Porque igual los delincuentes se defienden con mentiras y son capaces de pagar para que todos digan lo que conviene, según sea el caso.

El miedo o la venganza, el odio o la cobardía nos hacen decir fácilmente mentiras.

Nos hace falta la cultura del valor para enfrentar la verdad y sostenerla con carácter.

Desgraciadamente el dinero y el poder compran la mentira y hacen lo que quiera con ella.

Los jóvenes, cuando tienen miedo a sus padres, aprenden que la salida más fácil es mentir. Esconden la verdad, creyendo que nadie se va a enterar de las cosas ciertas.

Pero es un hecho ineludible, la verdad aparecerá algún día, y la mentira recibirá su respectivo castigo.

Necesitamos programas especiales en las escuelas para enseñar el gran valor que tiene decir la verdad. Y ser capaces, incluso de saberla premiar con honor.

Hasta ahora el sistema educativo comete el error de exigir que se auto denuncie el alumno que ha cometido una infracción y cuando lo hace, recibe penas severas, incluso la expulsión. Y eso, en vez de fomentar la valentía y el honor a la verdad, fomenta la cobardía y el afán de esconderse con la hipocresía del cínico.

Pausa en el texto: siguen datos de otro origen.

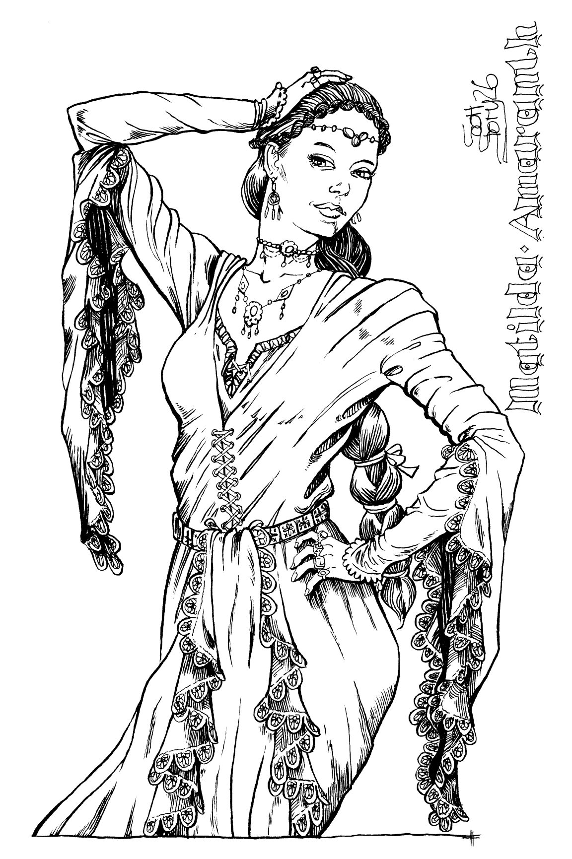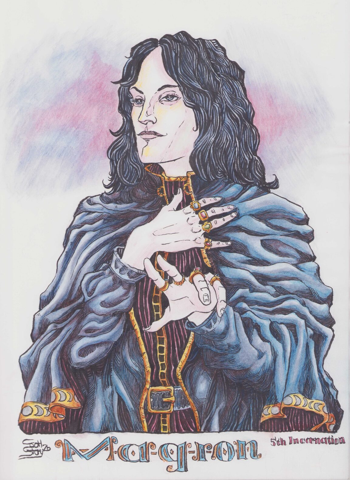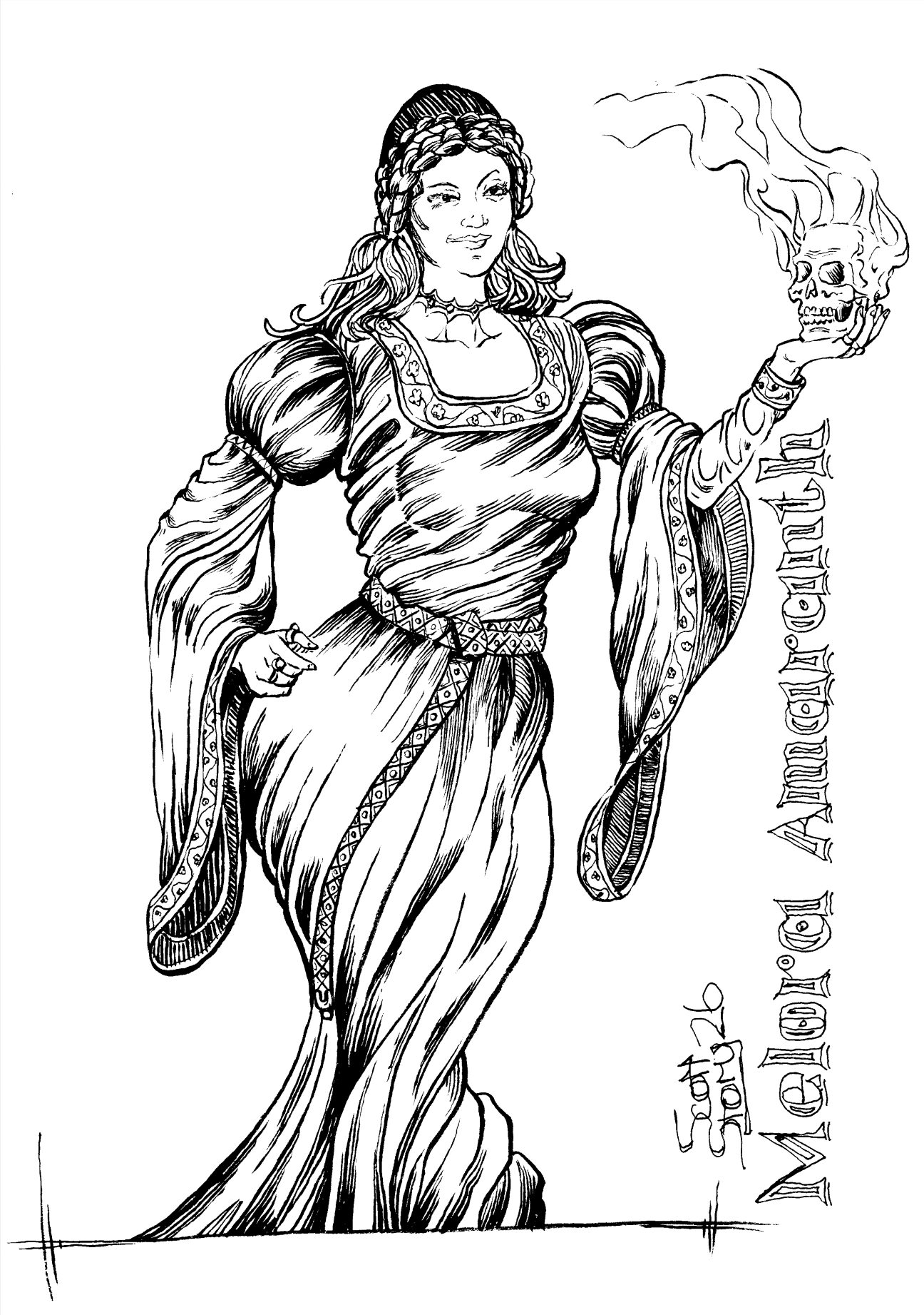 Medi Changeling. 11” x 17” Line & Wash, Pen & Ink with Watercolor on Watercolor Paper, 2025, by Scott A. Story

Ser cómplice de los que mienten, es tanto como ser mentiroso.

Aquel que oculta la verdad se engaña a sí mismo.

Tenemos que cambiar nuestra forma de ser y acabar por ser más amigos de la verdad, que amantes de la mentira y la falsedad.

El perjurio, la calumnia, la difamación, el desprestigio y todos los parientes cercanos de la falsedad merecen una pena mayor.

Tenemos que construir una sociedad y un sistema jurídico, siempre basados en la verdad.

Si queremos combatir a la delincuencia organizada, tenemos que acabar con la mentira y la impunidad de quien sea.

GUILLERMO DELLAMARY / Filósofo y psicólogo.